◆ **Data to examine**:

▬▬▬▬▬▬

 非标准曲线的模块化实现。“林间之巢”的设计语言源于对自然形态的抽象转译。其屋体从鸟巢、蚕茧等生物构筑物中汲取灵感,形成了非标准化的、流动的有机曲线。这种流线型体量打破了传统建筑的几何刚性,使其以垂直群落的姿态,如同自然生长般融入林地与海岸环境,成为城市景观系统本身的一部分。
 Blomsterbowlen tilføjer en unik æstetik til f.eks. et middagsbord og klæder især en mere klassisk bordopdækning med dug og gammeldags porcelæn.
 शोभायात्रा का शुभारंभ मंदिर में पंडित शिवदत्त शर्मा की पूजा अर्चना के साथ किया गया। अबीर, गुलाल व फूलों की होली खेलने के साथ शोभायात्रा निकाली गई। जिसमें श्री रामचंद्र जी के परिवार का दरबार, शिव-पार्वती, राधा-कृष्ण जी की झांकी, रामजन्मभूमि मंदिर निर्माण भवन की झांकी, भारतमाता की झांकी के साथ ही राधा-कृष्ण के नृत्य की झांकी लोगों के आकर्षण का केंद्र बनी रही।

▬▬▬▬▬▬

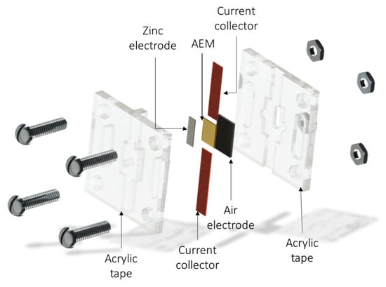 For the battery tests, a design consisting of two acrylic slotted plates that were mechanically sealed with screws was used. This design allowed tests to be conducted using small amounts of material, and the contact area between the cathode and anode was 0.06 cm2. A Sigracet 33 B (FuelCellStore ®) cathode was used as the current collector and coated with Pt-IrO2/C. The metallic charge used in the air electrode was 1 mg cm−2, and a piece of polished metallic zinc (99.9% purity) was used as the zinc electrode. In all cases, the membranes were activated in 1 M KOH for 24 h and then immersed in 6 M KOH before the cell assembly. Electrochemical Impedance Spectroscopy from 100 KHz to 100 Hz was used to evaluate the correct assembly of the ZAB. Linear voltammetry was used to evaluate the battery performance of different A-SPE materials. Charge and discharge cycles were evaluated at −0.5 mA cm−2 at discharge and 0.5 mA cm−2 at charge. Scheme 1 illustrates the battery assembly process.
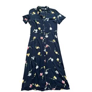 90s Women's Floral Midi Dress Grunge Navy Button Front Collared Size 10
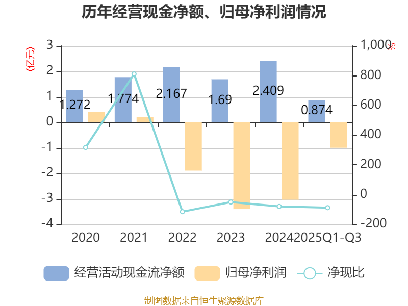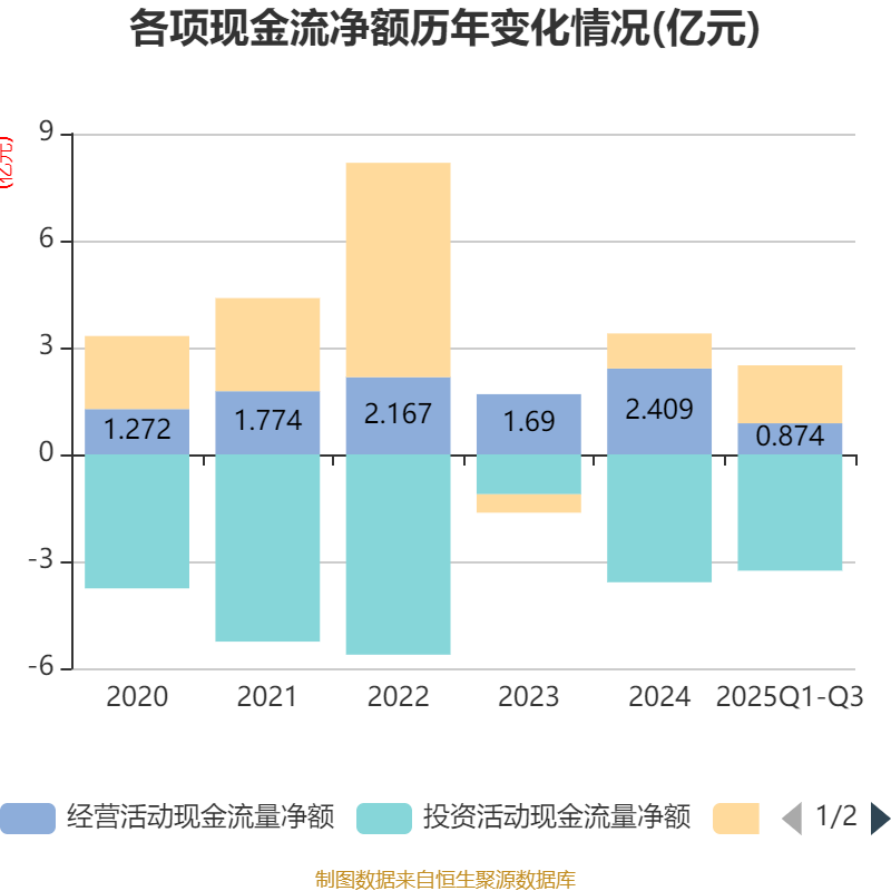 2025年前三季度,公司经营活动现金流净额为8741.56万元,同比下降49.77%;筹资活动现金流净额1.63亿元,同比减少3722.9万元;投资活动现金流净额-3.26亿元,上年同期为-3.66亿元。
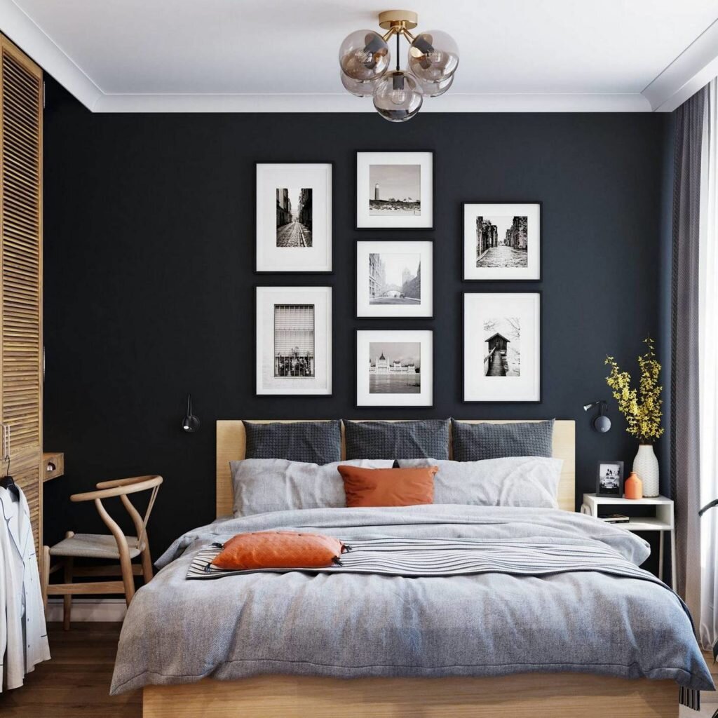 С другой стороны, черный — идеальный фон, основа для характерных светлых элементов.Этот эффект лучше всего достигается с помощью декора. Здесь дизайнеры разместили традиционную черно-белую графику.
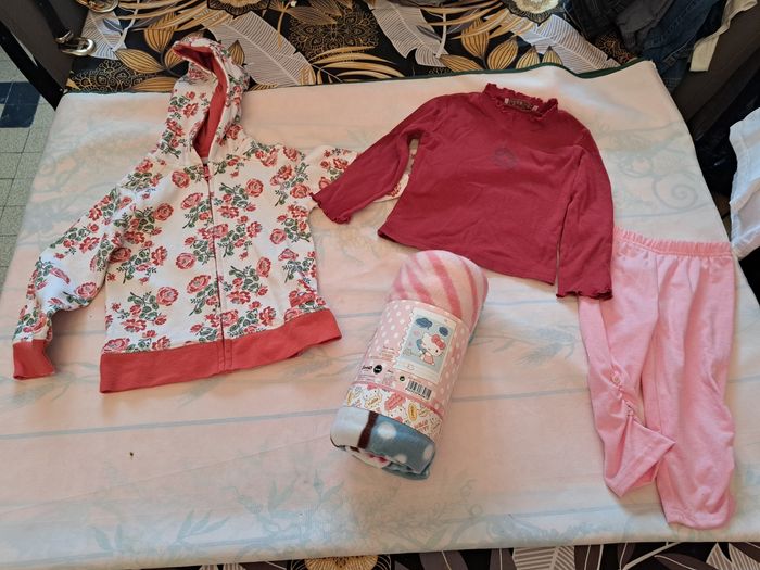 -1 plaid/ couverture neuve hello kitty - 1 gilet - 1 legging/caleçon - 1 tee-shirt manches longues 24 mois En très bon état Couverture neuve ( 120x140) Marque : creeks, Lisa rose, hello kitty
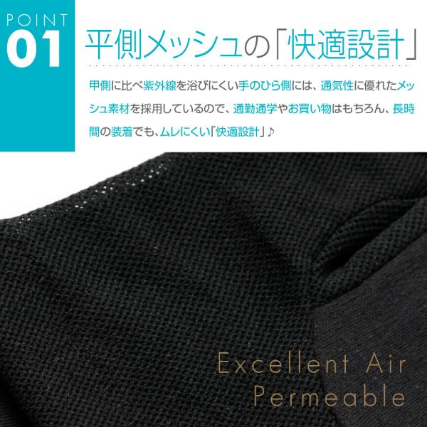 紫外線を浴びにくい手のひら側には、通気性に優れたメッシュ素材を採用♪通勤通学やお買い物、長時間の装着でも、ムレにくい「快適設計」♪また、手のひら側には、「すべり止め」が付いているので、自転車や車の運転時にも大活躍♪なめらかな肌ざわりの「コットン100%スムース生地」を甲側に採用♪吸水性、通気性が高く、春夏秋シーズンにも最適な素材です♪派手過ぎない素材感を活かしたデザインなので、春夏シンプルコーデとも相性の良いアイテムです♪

▬▬▬▬▬▬

◆ **Exercise prompt**:
All that should be written out is the stretch of lines above between the one holding "Blomsterbowlen tilføjer en" and the one holding "शोभायात्रा का शुभारंभ", inclusive, exactly as given.

◆ **Exercise answer**:
 Blomsterbowlen tilføjer en unik æstetik til f.eks. et middagsbord og klæder især en mere klassisk bordopdækning med dug og gammeldags porcelæn.
 शोभायात्रा का शुभारंभ मंदिर में पंडित शिवदत्त शर्मा की पूजा अर्चना के साथ किया गया। अबीर, गुलाल व फूलों की होली खेलने के साथ शोभायात्रा निकाली गई। जिसमें श्री रामचंद्र जी के परिवार का दरबार, शिव-पार्वती, राधा-कृष्ण जी की झांकी, रामजन्मभूमि मंदिर निर्माण भवन की झांकी, भारतमाता की झांकी के साथ ही राधा-कृष्ण के नृत्य की झांकी लोगों के आकर्षण का केंद्र बनी रही।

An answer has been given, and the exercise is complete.